Population genetic differentiation is underestimated when deviant SNPs are not removed from the dataset. A) Relationship between pairwise Fst estimated between populations using all SNPs in the Arctic Char dataset and only SNPs categorized as canonical by ngsParalog. Three pairs of populations are highlighted in yellow, corresponding to population 1 (low Fst), 2 (medium Fst), and 3 (high Fst) paired with a fourth common population. Unfolded two-dimensional site frequency spectra (2dSFS) are shown for these pairs using B) all SNPs and C) only canonical SNPs. One-dimensional site frequency spectra (1dSFS) for the four highlighted populations are shown along the axes of the 2dSFS. For better visualization, SNPs fixed for either allele were hidden from the 1dSFS.

Fig. 6.

Failure to remove deviant SNPs leads to overestimation of genetic diversity in datasets with various deviant SNP densities.
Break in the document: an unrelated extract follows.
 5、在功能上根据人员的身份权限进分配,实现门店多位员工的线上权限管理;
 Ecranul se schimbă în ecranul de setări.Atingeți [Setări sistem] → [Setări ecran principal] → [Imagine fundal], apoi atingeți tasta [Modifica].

Distribution of A) Waterson's estimator (ϴ_W), B) nucleotide diversity (ϴ_π), and C) Tajima's D in windows of 100 Mb (window step of 20 kb) for four populations (n = 30 individuals) of Arctic Char and a random sample of 30 individuals in the panmictic population of American Eel. Diversity estimation was performed before (red) and after (gray) masking a region of 150 bp centered on each deviant SNP.